# Team PcGamesHardware-Maximum im Tunier 5vs5 Edit: T8 Tunier als Panzerzug_EXLX



## PcGamer512 (5. Februar 2014)

Hallo PCGH User und hallo PCGH Redaktion und der Clan EXLX,

hier werde ich die Gefechtsergebnisse einfügen, falls wir weit kommen viel spaß :

1. Match Himmelsdorf:

    Leider ausgefallen, da das ander Team nicht bereit war und die Server gecrashed sind von WoT.
    Haben allerdings einen gratis Sieg bekommen.



2.  Match Minen siehe unten:

We're in the cup, 5 by 5: We're in the cup, 5 by 5 - Play-off
Fertig: 05.02.2014 20:38:38
BOPE klan PRZYJE*ANI GŁODEM!!!!! vs.
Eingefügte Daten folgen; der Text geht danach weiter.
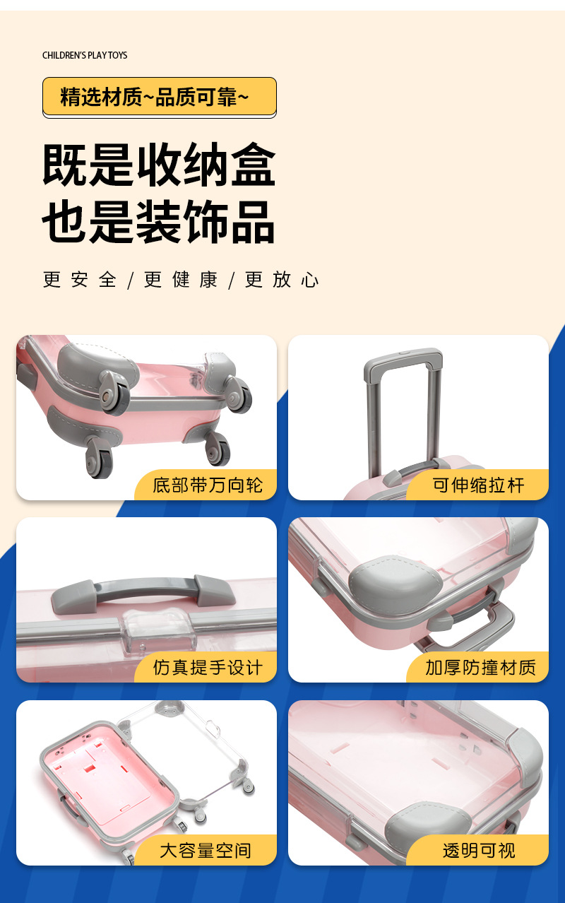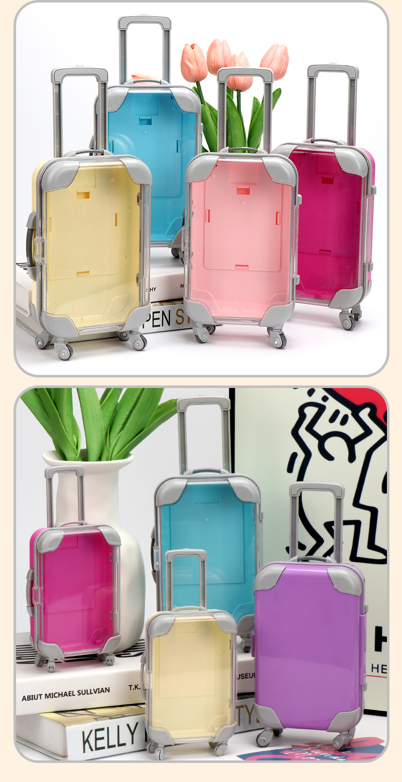 迷你透明拉杆箱 跨境化妆品假睫毛收纳仿真微缩行李箱过家家玩具

PCGamesHardware-Maximum
Sieg!

das haben wir 5:2 gewonnen hoffe das glück hält an.



3. Match Siegfriedlinie

We're in the cup, 5 by 5: We're in the cup, 5 by 5 - Play-off (Gefecht 1)
Fertig: 05.02.2014 22:07:48
PCGamesHardware-Maximum vs. xXLEGIONXx
Sieg!
Zwischenergebnis: 1:0

haben wir auch 5:2 gewonnen



4 Match Siegfriedlinie

We're in the cup, 5 by 5: We're in the cup, 5 by 5 - Play-off (Gefecht 2)
Fertig: 05.02.2014 22:21:56
PCGamesHardware-Maximum vs. xXLEGIONXx
Sieg!
Ergebnis: Sieg! (2:0)

!!Sieg erneut dank Fronti mit seinem T49!!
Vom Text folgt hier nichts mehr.